67% of Europeans think that women do not possess the required capabilities in order to access high-level scientific positions.
Paris, September 16th, 2015 - The Maison de la Chimie hosted the L'Oréal Foundation’s #ChangeTheNumbers press conference this morning. On this occasion the results of its exclusive international collaborative study with OpinionWay were announced in order to help understand the causes of disparities affecting women in science and the obstacles they face in their professional progression.

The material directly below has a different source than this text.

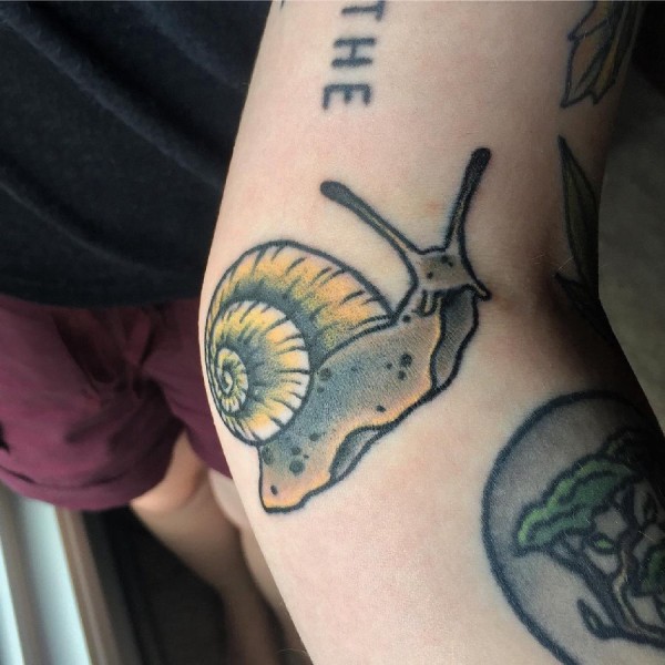 男生手臂上彩绘抽象线条小动物蜗牛纹身图片

David Macdonald, Philanthropy Director of For Women in Science, noted that the public is not aware of the weight with which prejudices are still anchored in perceptions, at a time when only 30% of researchers are women.1
To enrich this study, the L'Oréal Foundation called upon testimonies from women scientists that it has rewarded. It had the honour of welcoming Elizabeth Blackburn as a spokesperson on this subject, Laureate of the L'Oréal-UNESCO Award For Women in Science and the Nobel Prize in Physiology or Medicine in 2009. She says:
"Having had to overcome prejudices myself throughout my career, it seems essential to me to participate in this fundamental movement in order to significantly push boundaries."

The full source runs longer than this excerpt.